## Provided entries:
◇ ◇ ◇ ◇ ◇
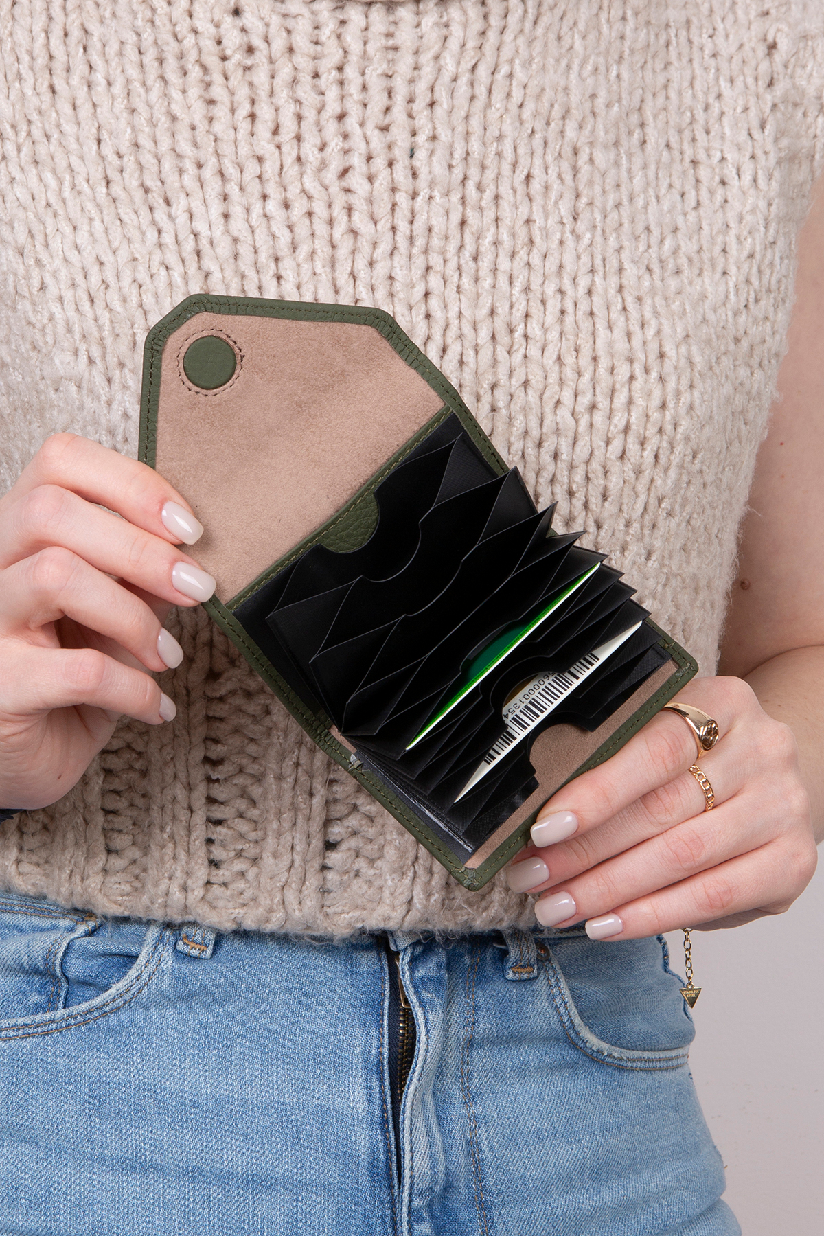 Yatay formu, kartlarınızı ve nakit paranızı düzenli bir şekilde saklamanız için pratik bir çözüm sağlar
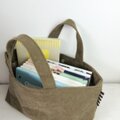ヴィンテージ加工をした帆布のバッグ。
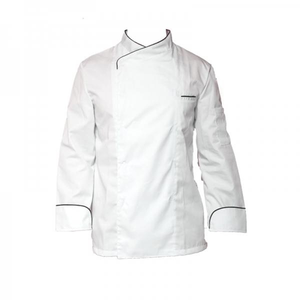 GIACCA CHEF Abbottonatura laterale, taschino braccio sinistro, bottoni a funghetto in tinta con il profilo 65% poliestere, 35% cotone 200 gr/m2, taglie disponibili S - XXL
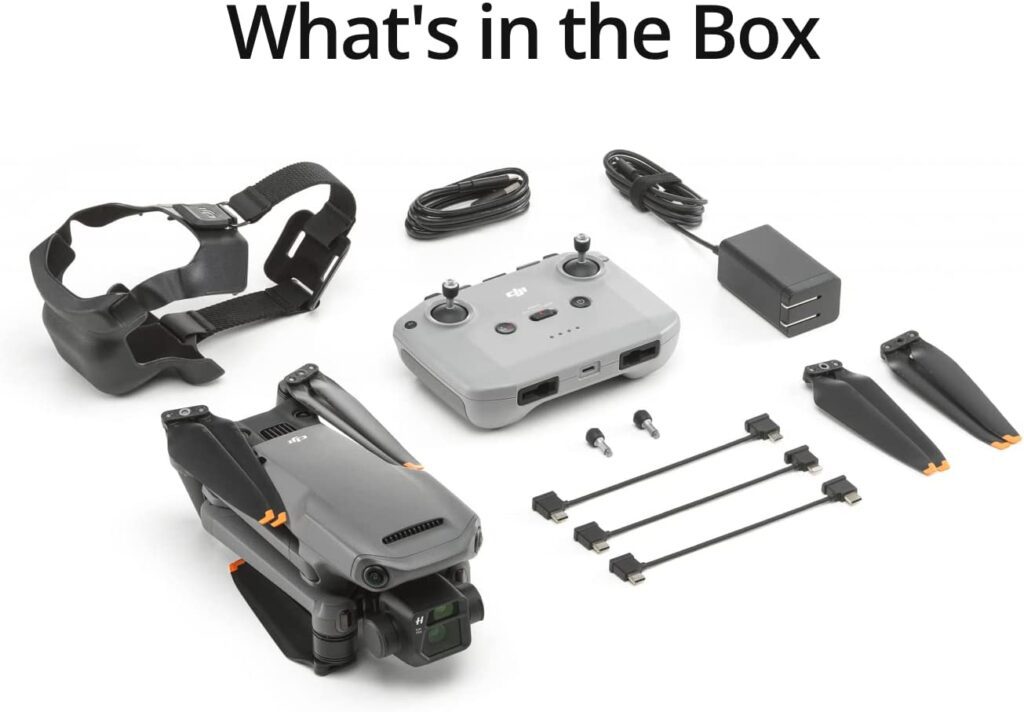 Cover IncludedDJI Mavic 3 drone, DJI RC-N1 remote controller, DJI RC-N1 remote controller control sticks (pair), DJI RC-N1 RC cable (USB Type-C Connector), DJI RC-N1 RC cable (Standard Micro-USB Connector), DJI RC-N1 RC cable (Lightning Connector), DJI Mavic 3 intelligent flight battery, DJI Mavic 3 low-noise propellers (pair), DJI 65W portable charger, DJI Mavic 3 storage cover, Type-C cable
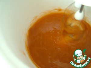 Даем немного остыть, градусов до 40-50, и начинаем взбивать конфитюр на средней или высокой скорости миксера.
◇ ◇ ◇ ◇ ◇
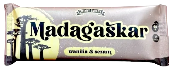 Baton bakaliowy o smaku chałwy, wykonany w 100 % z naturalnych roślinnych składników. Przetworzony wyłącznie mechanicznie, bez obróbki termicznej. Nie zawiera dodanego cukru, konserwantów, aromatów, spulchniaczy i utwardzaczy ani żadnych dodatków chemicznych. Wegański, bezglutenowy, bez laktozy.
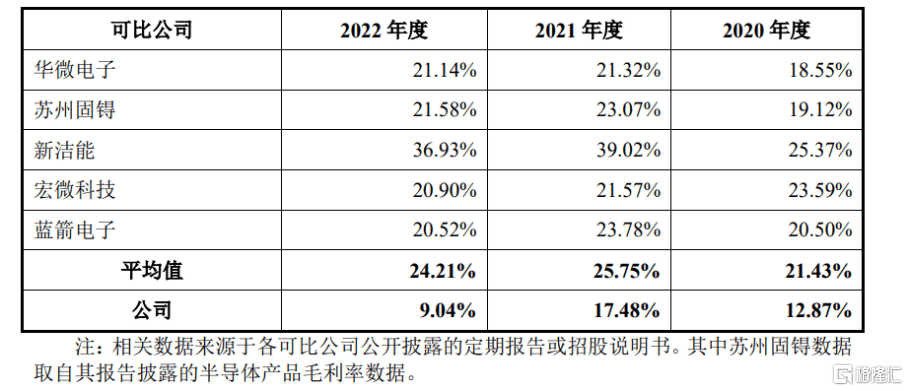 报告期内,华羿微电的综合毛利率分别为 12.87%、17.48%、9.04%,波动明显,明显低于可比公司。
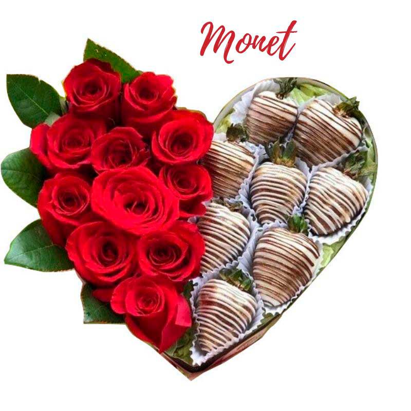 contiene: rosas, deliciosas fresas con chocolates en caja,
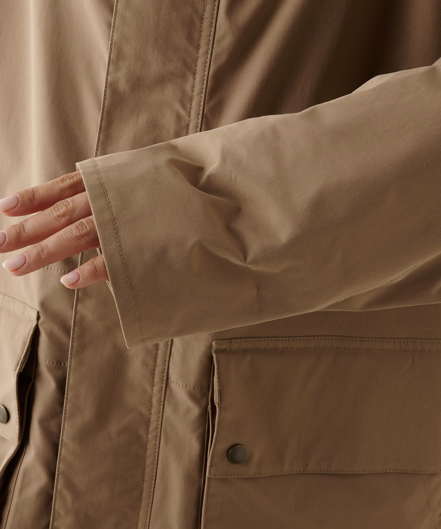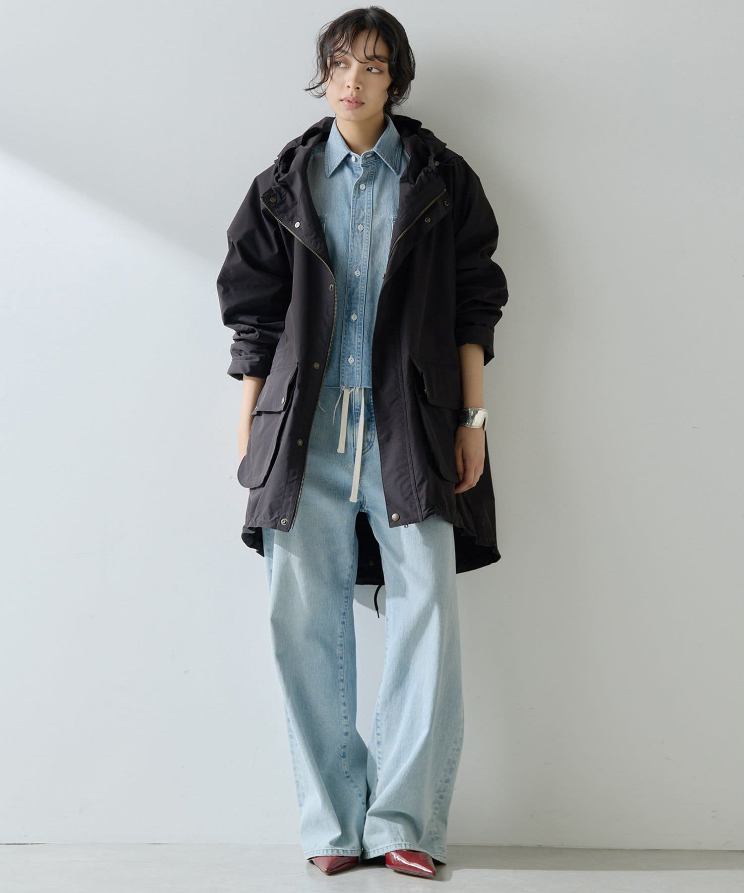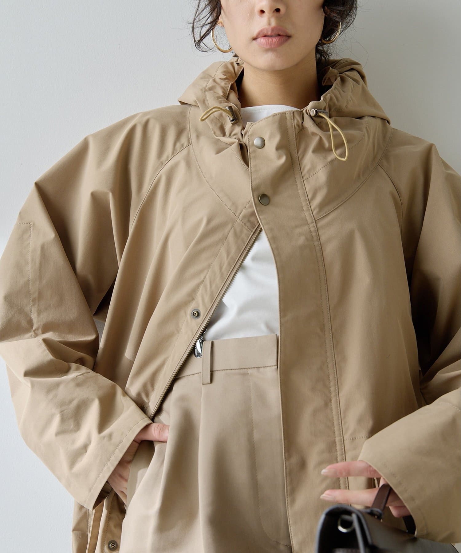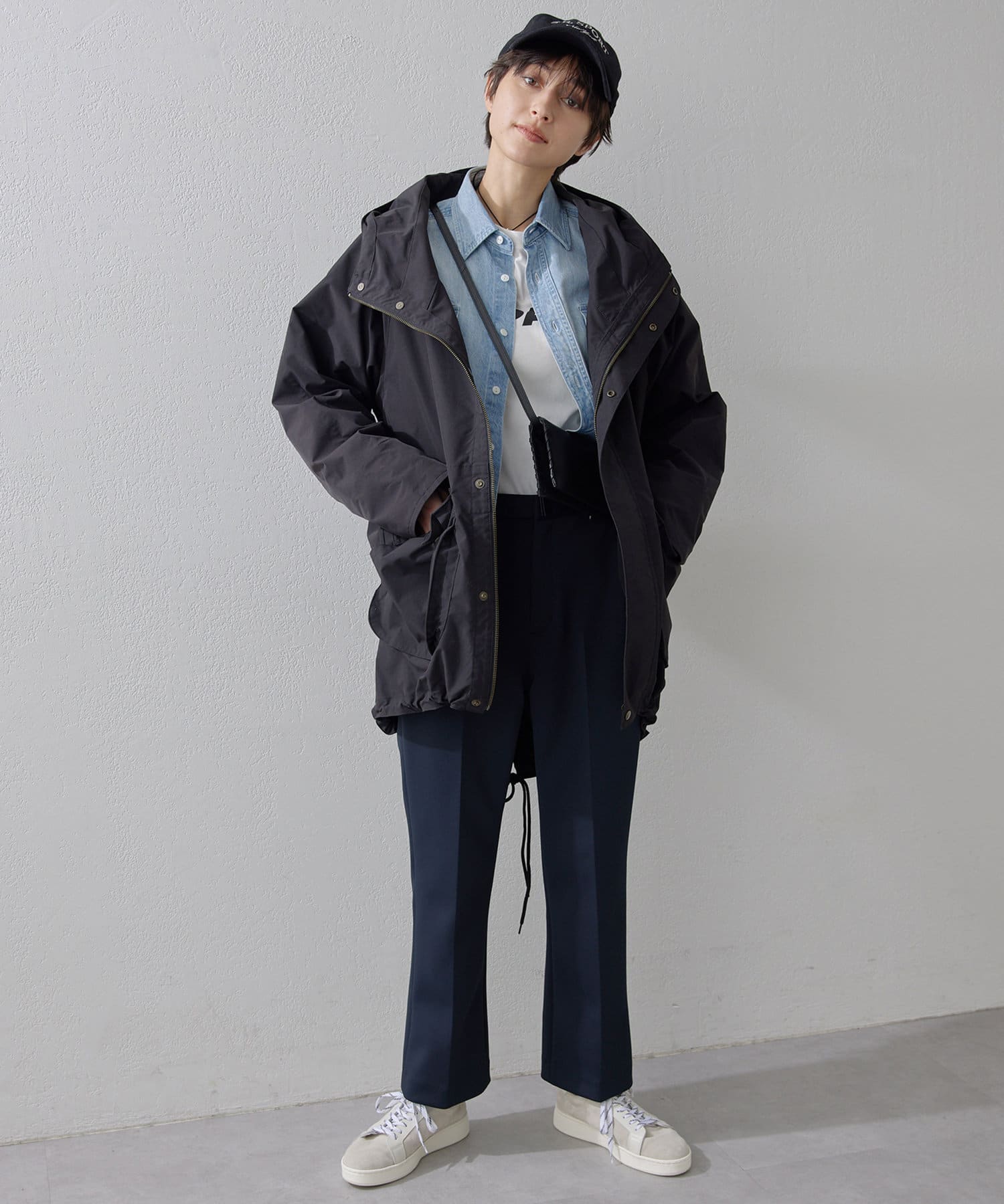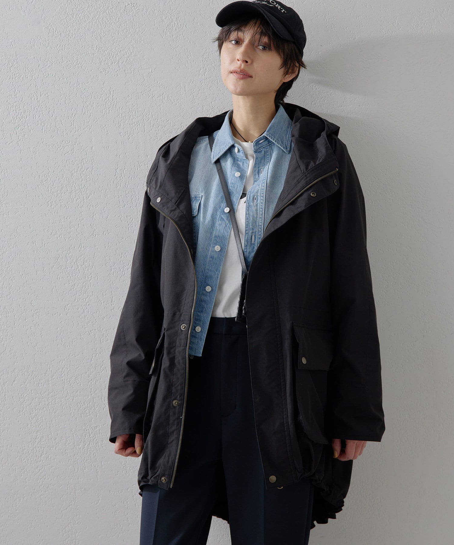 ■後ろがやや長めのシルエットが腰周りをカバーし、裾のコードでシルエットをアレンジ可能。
◇ ◇ ◇ ◇ ◇
Restate word for word the lines of the data above that begin at the line with "Yatay formu, kartlarınızı" and end at the line with "Даем немного остыть, градусов", keeping both ends and dropping every picture.

 Yatay formu, kartlarınızı ve nakit paranızı düzenli bir şekilde saklamanız için pratik bir çözüm sağlar
ヴィンテージ加工をした帆布のバッグ。
 GIACCA CHEF Abbottonatura laterale, taschino braccio sinistro, bottoni a funghetto in tinta con il profilo 65% poliestere, 35% cotone 200 gr/m2, taglie disponibili S - XXL
 Cover IncludedDJI Mavic 3 drone, DJI RC-N1 remote controller, DJI RC-N1 remote controller control sticks (pair), DJI RC-N1 RC cable (USB Type-C Connector), DJI RC-N1 RC cable (Standard Micro-USB Connector), DJI RC-N1 RC cable (Lightning Connector), DJI Mavic 3 intelligent flight battery, DJI Mavic 3 low-noise propellers (pair), DJI 65W portable charger, DJI Mavic 3 storage cover, Type-C cable
 Даем немного остыть, градусов до 40-50, и начинаем взбивать конфитюр на средней или высокой скорости миксера.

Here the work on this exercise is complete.